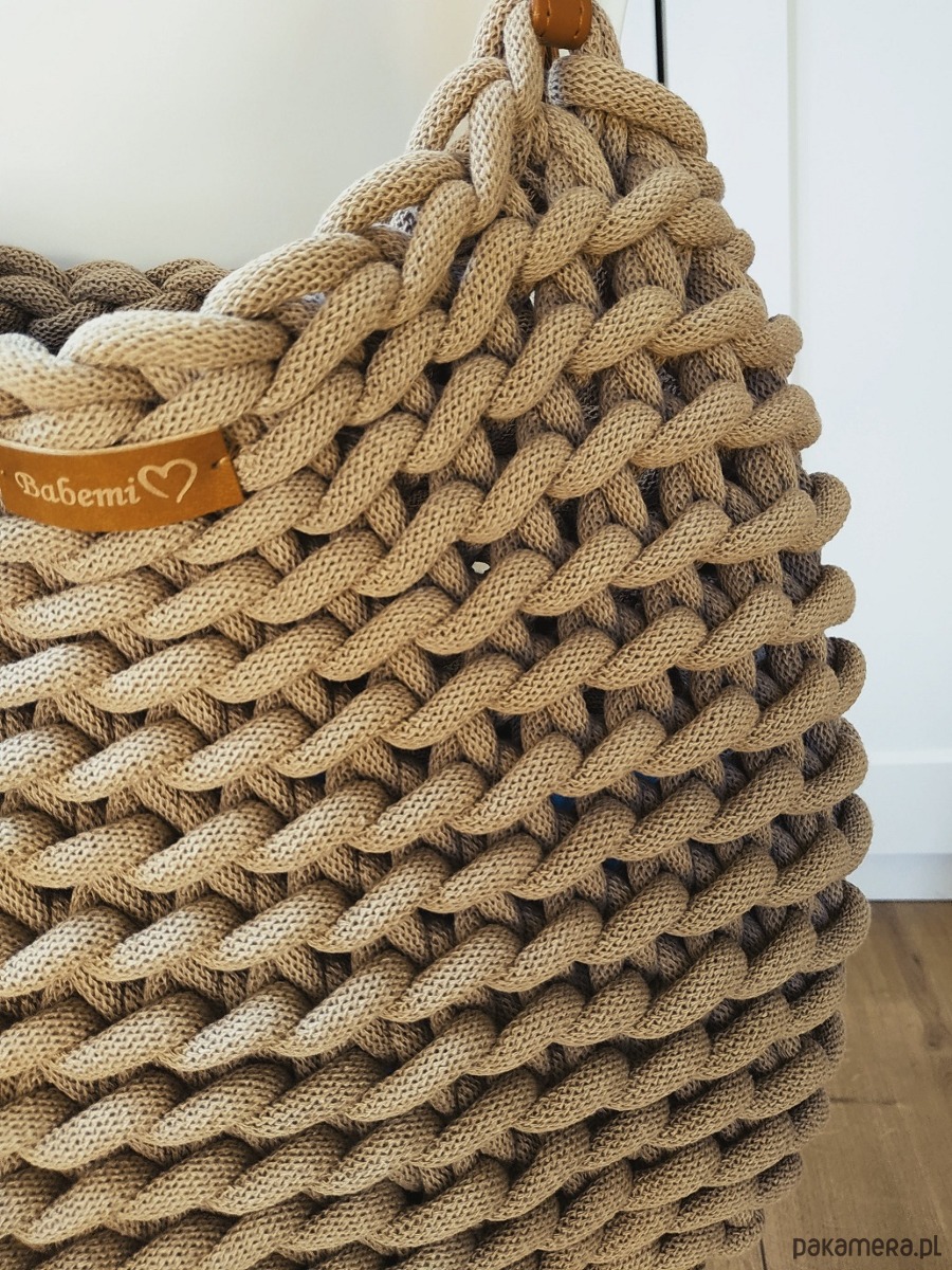 Duża torba wykonana na szydełku przepięknym luźnym splotem.
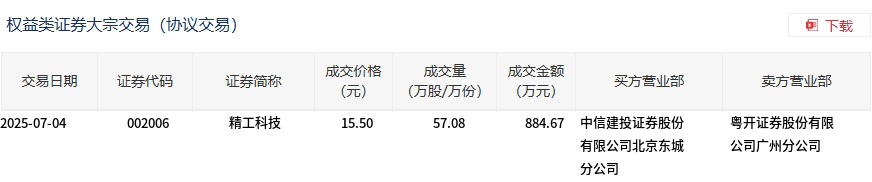 精工科技今日大宗交易折价成交57.08万股,成交额884.67万元
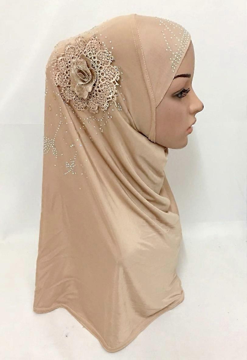 New Muslim Women Flower Hijab Hat Rhinestone Headscarf Arab Amira Headwear Wrap

» **PROBLEM STATEMENT**:
Reproduce exactly and only the lines from the line that contains "精工科技今日大宗交易折价成交57.08万股,成交额884.67万元" to the end of the data above, both ends included. No pictures go in the copy.

» **SOLUTION BELOW**:
 精工科技今日大宗交易折价成交57.08万股,成交额884.67万元
 New Muslim Women Flower Hijab Hat Rhinestone Headscarf Arab Amira Headwear Wrap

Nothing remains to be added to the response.